Central square, the imagined centre of the city
Christmas and Easter markets, festivals, concerts
Complete reconstruction finished in 2006
Brno’s most significant square, located in its historic centre
The triangular shape of the square, nicknamed Svoboďák, was determined by ancient trade routes and by a stream (more precisely, a city sewer). This place, which was once called Dolní trh and then Velké náměstí (Lower Market and Big Square), was first mentioned in records from the 13th century.
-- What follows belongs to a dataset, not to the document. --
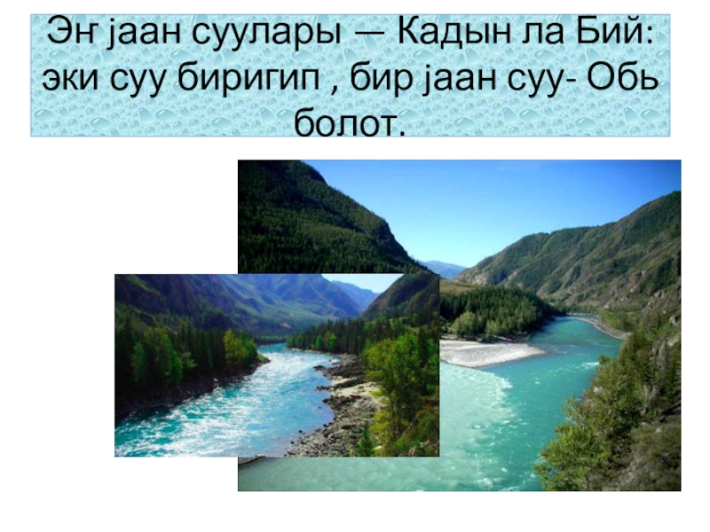 Слайд 7Эҥ jаан суулары — Кадын ла Бий: эки суу биригип ,

Today it is surrounded by several remarkable buildings. One is the Renaissance Dům pánů z Lipé (House of the Lords of Lipá), with mythological and biblical scenes and grapevine ornamentation gracing its facade. Kleinův palác (Klein Palace) is a Renaissance Revival building with big cast-iron oriel windows that reference the main trade of the Klein family, which once owned ironworks in Sobotín. Dům U Čtyř mamlasů (House of Four Giants), with four giants carrying its weight, is another remarkable building, built in 1902 and designed by Alois Prastorfer and Germano Wanderley. The functionalist facade of the Komerční bank by architect Bohuslav Fuchs, which caused quite a stir at the time, is also worthy of mention. Similar controversial reactions were caused by the shining facade of the Omega Palace from 2006 by the architects Tomáš Pilař and Ladislav Kuba.
Four sculptural installations are located in the square, very different in terms of the time of their origin, design, and subject. The early Baroque plague column from 1689 is a reminder of plague outbreaks in Brno. The circular grids of the two bronze fountains feature lines by local poet Jan Skácel. The most controversial installation is the monument made of black granite: a clock from which small marbles fall out every day at 11 a.m. A discrete line on the paving outlines the foundations of the removed Church of St Nicholas.